A tool typically boots the engine in a special mode where it runs a custom lua script designed to collaborate with that particular tool. For example, the particle editor boots the engine with particle_editor_slave.lua which sets up a default scene for viewing particle effects with a camera, skydome, lights, etc. The tool then sends script commands over the network connection that tells the engine what to do, for example to display a particular effect:

{
    type = "script",
    script = "ParticleEditorSlave:test_effect('fx/grenade/explosion')"
}

These commands are handled by the slave script. The slave script can also send messages back if the tool is requesting information.

The slave scripts are usually quite simple. The particle editor slave script is just 120 lines of lua code.

To make the tools independent of the engine data formats we have separated the data into human-readable, extensible and backwards compatible generic data and fast, efficient, platform specific runtime data. The tools always work with the generic data, which is pretty much all in JSON (exceptions are textures and WAVs). Thus, they never need to care about how the engine represents its runtime data and the engine is free to change and optimize the runtime format however it likes.
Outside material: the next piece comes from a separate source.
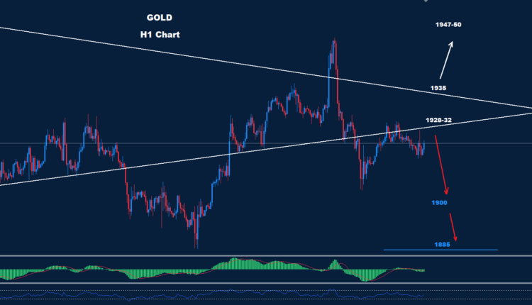 يواجه الذهب بعض الضغوط الهبوطية في السوق، حيث تقع أول مقاومة حول الفترة 1928-1932، وطالما أن السوق يتداول تحتها فمن المتوقع حدوث المزيد من الانخفاض نحو 1900 و1885.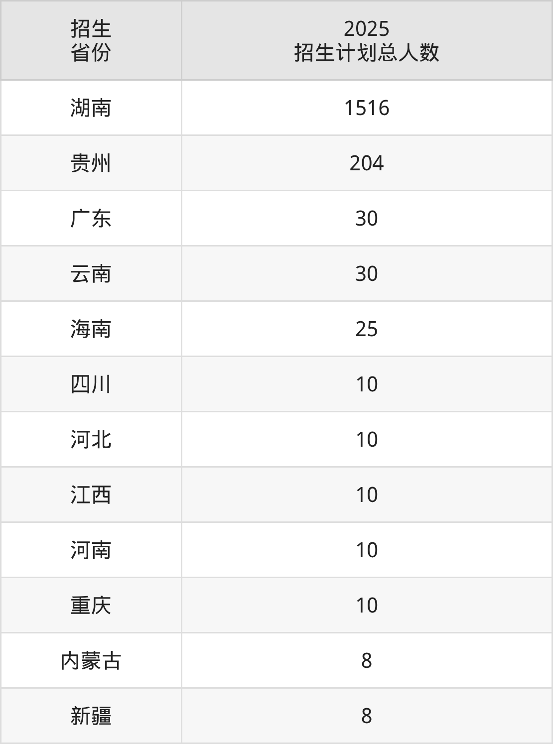 2025年怀化职业技术学院面向全国12个省市开展专科招生;招生专业共28个,招生人数共1871人。2025年在湖南省招生计划总人数是1516人,其中,怀化职业技术学院在湖南省招生人数最多的是现代农业技术。怀化职业技术学院在各省具体招生人数情况如下表。

When the tool has changed some data and wants to see the change in-engine, it launches the data compiler to generate the runtime data. (The data compiler is in fact just the regular Win32 engine started with a -compile flag, so the engine and the data compiler are always in sync. Any change of the runtime formats triggers a recompile.) The data compiler is clever about just compiling the data that has actually changed.

When the compile is done, the tool sends a network message to the engine, telling it to reload the changed data file at which point you will see the changes in-game. All this happens nearly instantaneously allowing very quick tweaking of content and gameplay (by reloading lua files).

This system has worked out really well for us. The decoupling has allowed for fast development of both the tools and the engine. Today we have about ten different tools that use this system and we have been able to make many optimizations to the engine and the runtime formats without affecting the tools or the generic data.